Jonathan is currently the Principal Keyboardist with the Chamber Orchestra of New York, with whom he made his sold-out Weill Hall debut in 2021 as soloist in Bach’s Harpsichord Concerto in D minor. He has performed at venues including Carnegie Hall, the Guggenheim Museum, the Conservatorium van Amsterdam, and The Jewish Museum, among others. In 2019, he was the Third Prizewinner at the 44th annual Mathieu Duguay Early Music Competition in Laméque, Canada. Jonathan has performed in masterclasses for artists such as Jordi Savall, Pierre Hantaï, Luca Guglielmi, Peter Sykes, and Ketil Haugsand.

As a 2020-21 Fulbright Scholar to the Netherlands, Jonathan researched and performed the eighteenth-century repertoire of Amsterdam’s Sephardic synagogue. He has presented lecture-recitals at the Morris Steinert Collection of Musical Instruments at Yale; the joint conference of the American Bach Society and the Mozart Society of America; Harvard’s Graduate Music Forum conference; and the Historical Keyboard Society of North America’s conference (2018), among others. For several years, he played continuo for the Yale Baroque Opera Project, assisted in tuning at Yale’s Collection of Musical Instruments, and was a frequent collaborator on chamber music concerts. Committed to supporting early music communities in North America, Jonathan was a member of Early Music America’s Emerging Professional Leadership Council from 2019-2021.

Jonathan was born in New York City and grew up in Connecticut. He earned his Bachelor of Music degree cum laude from NYU, majoring in Piano Performance and with a minor in Law and Society; his principal teachers included Seymour Bernstein (piano) and Dr. Morwaread Farbood (harpsichord). Jonathan holds Master of Music and Doctor of Musical Arts degrees in Harpsichord Performance from the Yale School of Music, where he studied with Arthur Haas. He counts among his mentors Menno van Delft, with whom he studied during his Fulbright at the Conservatorium van Amsterdam.

Teaching

A passionate educator, Jonathan was an Adjunct Assistant Professor of the Humanities at SUNY Purchase College, where he taught courses in music history and writing. While at Yale, he taught secondary harpsichord lessons and was a Teaching Assistant for a graduate course on the history of early music. Jonathan enjoys giving lecture-recitals to the public, making classical music topics more accessible. He has also taught privately for over 15 years.

Photo by Jiyang Chen

Photo by Jiyang Chen

Scholarship & Writing

Jonathan is currently a PhD candidate in music history at the University of Cambridge on a Gates Cambridge Scholarship, where he is completing a dissertation on the style and structure of Händel’s keyboard music.

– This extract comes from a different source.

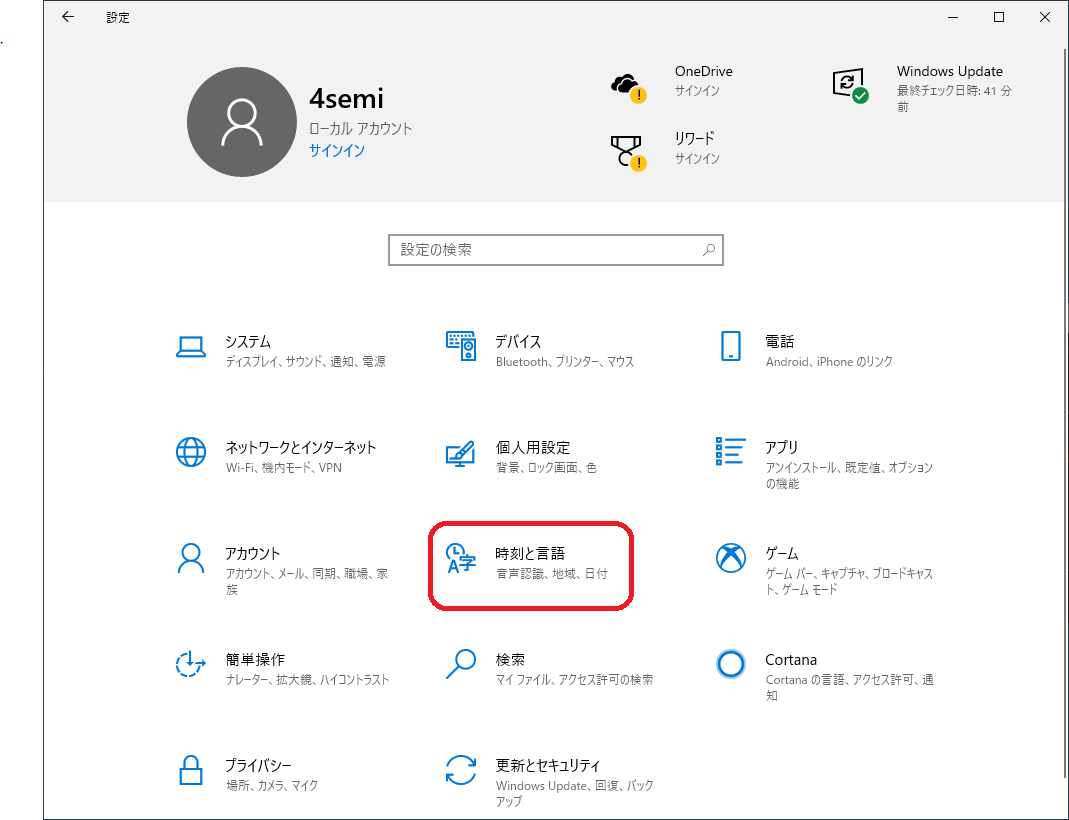 - 左下のスタートを右クリックし、「時刻と言語」を選択する。

In fall 2023, with his colleague Alexander Nicholls, he spearheaded the first-ever conference devoted to galant schema theory called “Galant Schemata in Theory & Practice,” featuring major scholars and performers over a virtual format. They have since convened two more conferences.

He has published in Min-Ad, the journal of the Israel Musicological Society, and written reviews for Harpsichord & Fortepiano Magazine (UK). Jonathan is currently co-editing a collection of essays for a music theory volume (under contract) with Boydell & Brewer. Other forthcoming publications include a book chapter on schema theory and partimento, and an article in BACH Journal.